Intel 810 Random Number Generator
Theodore Y. Ts'o
tytso en MIT.EDU
Mar Ene 25 22:59:39 CST 2000
There've been a lot of comments on the subject, so I waited until I was
completely caught up on e-mail to send one reply to the entire
thread....
First of all, /dev/random is supposed to be a very high quality random
number generator. It's use is *supposed* to be for generating critical
cryptographic keys, particularly long-term keys, and for seeding
pseudo-random number generators. It's not particularly optimized for
generating large numbers of random numbers for use in Monte Carlo
applications, for example, and in such applications you usually want a
statistically good, PRNG since being able to replicate your results is
*good*. (As opposed to crypto key generation, were being able to
replicate your results is *bad*. :-)
As such, using a true random number generator is a good thing.
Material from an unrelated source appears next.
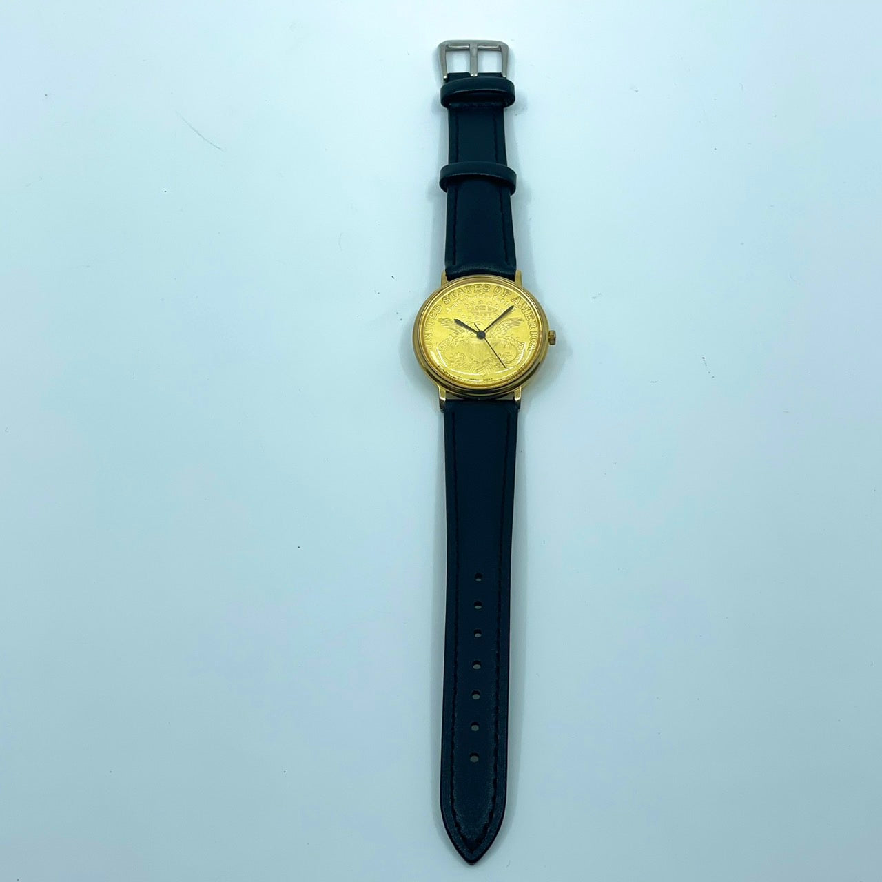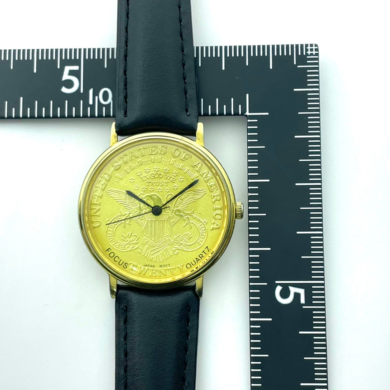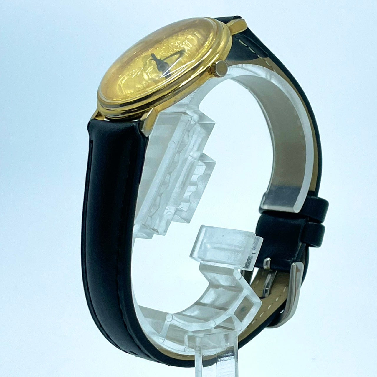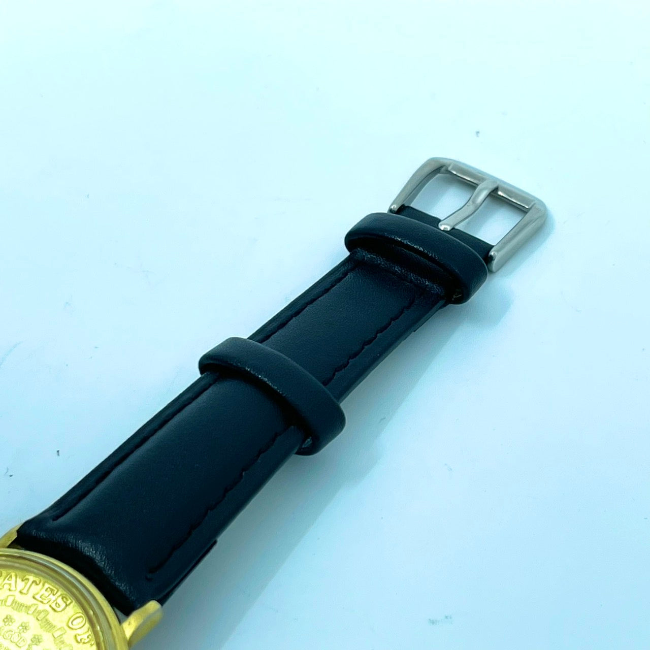 腕時計 メンズ クオーツ コインウォッチ ゴールド文字盤 ブラックレザーベルト アナログ ラウンド アメリカンイーグルデザイン ビンテージ風 ファッションウォッチ 電池交換済 新品ベルト(社外品) クリーニング済 G2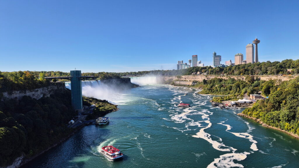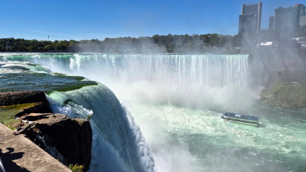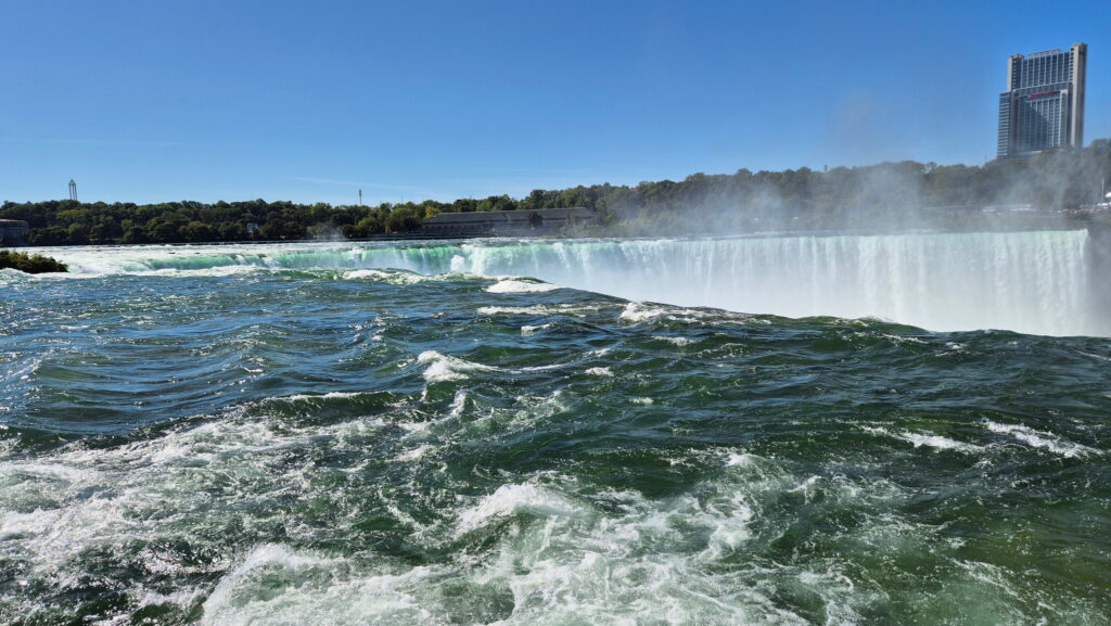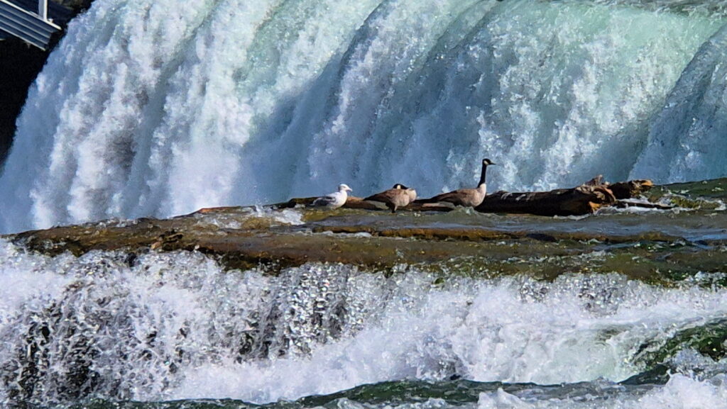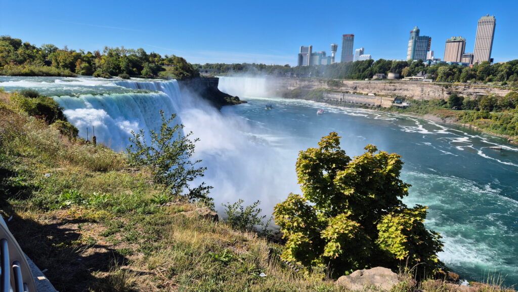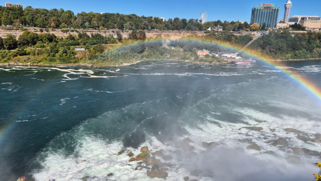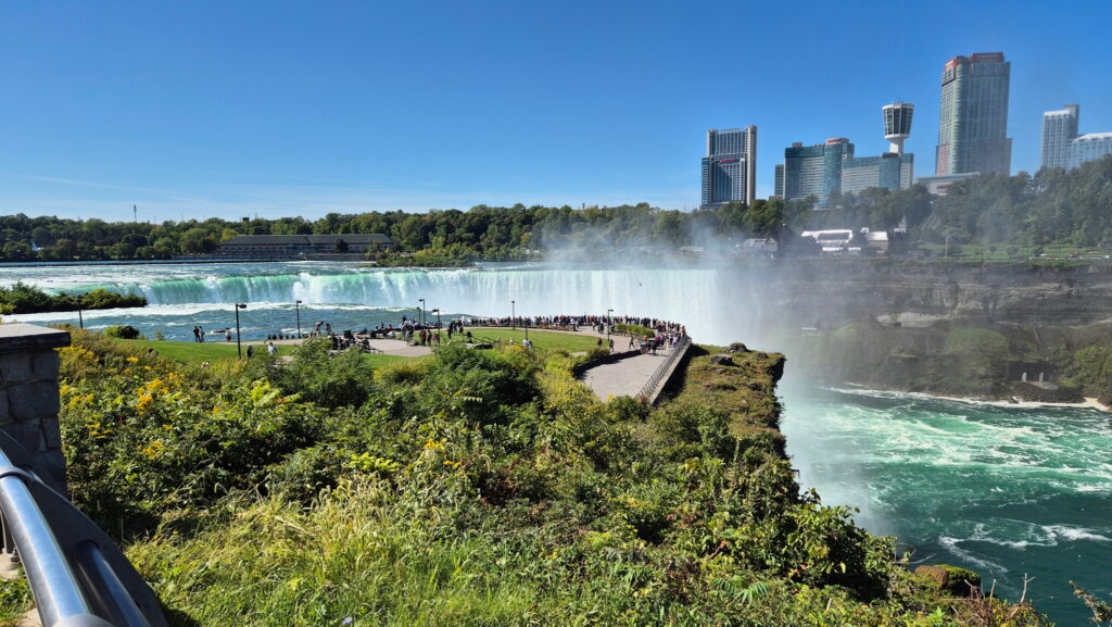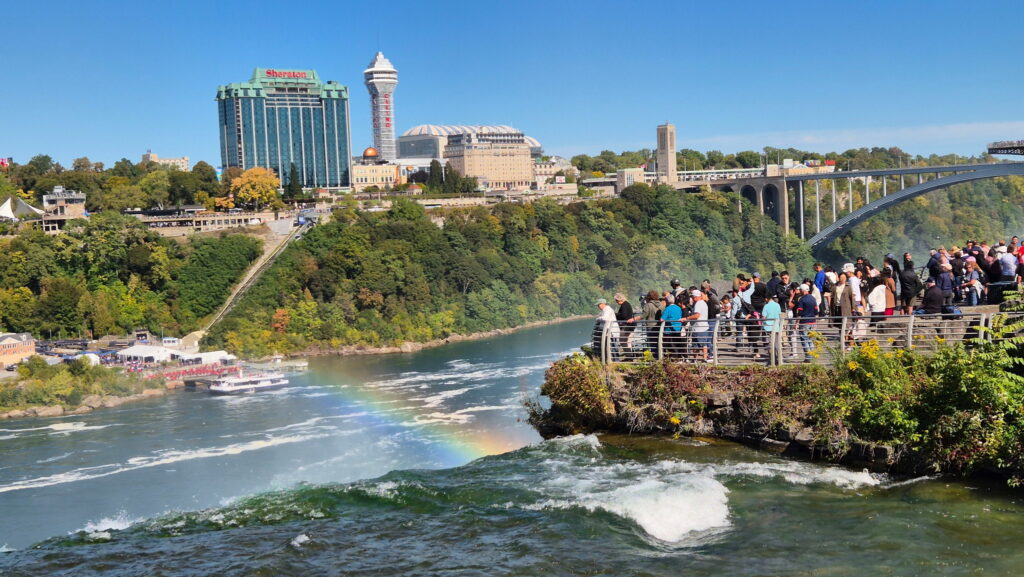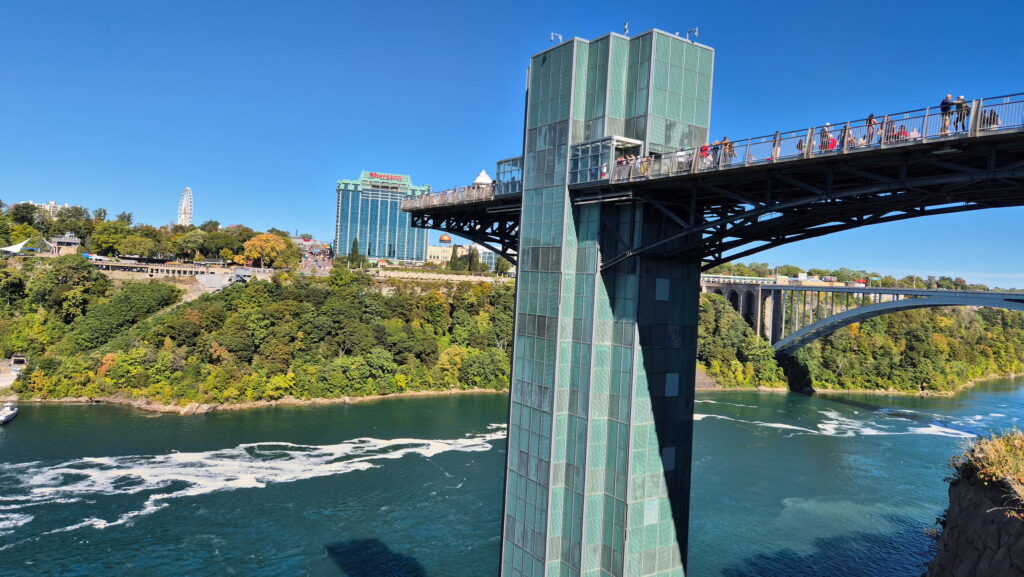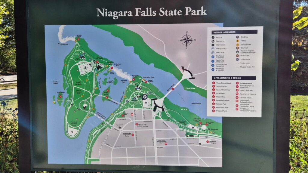 Do USA udaję się pieszo przez most Rainbow Bridge. Piąty raz wkraczam do USA ale teraz trzeba za to zapłacić 1 USD – to nie byłby problem ale kanadyjski automat chce 4 x 25 centów. Gdzieś w plecaku je mam, tylko gdzie? Na szczęście na automacie jest mały znaczek karty płatniczej – udało się nią zapłacić. Po przejściu mostu i amerykańskiej kontroli granicznej można wejść do Niagara Falls State Park – obejrzeć te same wodospady z innej perspektywy – chyba gorszej.

If done
well, it can do a much better job than some of the sampling tricks
currently used in /dev/random. The caveat is in the "if it works"...
Hardware random number generators are notoriously hard to get right.
All sorts of environmental inputs (60 Hz hum, harmonics for CPU clocks,
sampling artifacts, etc.) can potentially swamp the effects of the
quantuum noise generated by the device.
For this reason, it's a really good idea to wash the outputs from the
hardware random number generator through some kind of real-time verifier
to make sure (to some level of confidence) that the hardware generator
hasn't suddenly started screwing up. This could happen in any number of
ways --- a transitor in the RNG chip getting damaged from a power spike,
or from a cosmic ray, a NSA/FBI executed black bag job, etc.
This verifier can be done in the kernel, but that limits you to the
amount of statistical tests you can do, and you generally don't want to
put too much of that in the kernel. This is true especially if you want
to be uber-paranoid, and run spectral analysis over the data looking for
potential problems. Even if you're just running the FIPS tests over
each batch of data before feeding it into the /dev/random, that requires
enough CPU and involves enough complexity that simply shoving it into
the kernel probably isn't the right answer.
Of course, you can simply just be very conservative about how many bits
of credit you give the inputs to the 810RNG. The Intel paper about the
810 RNG (by Jun and Kocher) claims that 1/2 bit of entropy per output
bit is a good conservative estimate. People who like to be more careful
can simply give even less credit.
However, I think that past a certain point, it does make more sense to
have a user-level daemon which handles the verification and sampling
tests for the chip. If it's done right, it can work across multiple
hardware RNG's, simply by reading the randomness from the device
drivers, and then doing the appropriate pre-processing, and then feeding
it into /dev/random with the appropriate entropy credits. Perhaps there
should be a "simple mode" which simply takes inputs from the driver and
feeds them directly into /dev/random without the intervention of the
user-mode process, and it can simply be very conservative about how much
entropy credit it gives to the entropy count. But there should be a way
for a user-mode process to disable this and take over control over
the post-RNG processing.
- Ted
P.S. If you look at the Jun and Kocher paper (thanks to Colin Plumb for
giving me a pointer to it:
http://developer.intel.com/design/security/rng/CRIwp.htm
It's clear that there is a hardware whitener (a von Neumann bias
eliminator) to remove 0 vs 1 biases. There are hints that it's
possible to turn off the whitener, so that you get access to the raw
stream of bits from the RNG before any whitening is done.
Unfortunately, how to actually do this (probably some kind of debug
mode) doesn't seem to be published anywhere. If any one knows how to do
this, please let me know. Ideally, if the software is going to be doing
real-time verification of the RNG's soundness, it should be doing so on
the pre-whitened data stream. As an example, the following string of
numbers is anything but random:
1 2 3 4 5 6 7 8 9 10
However, if this is run through a MD5 or SHA whitener, the result would
*look* random, even though the source material is anything but random.
So you really want to look for patters and do any analysis on the raw
data stream.
So, if anyone can figure out (and tell me) how to turn off the 810's
hardware whitener circuits, that would be really useful. Thanks!!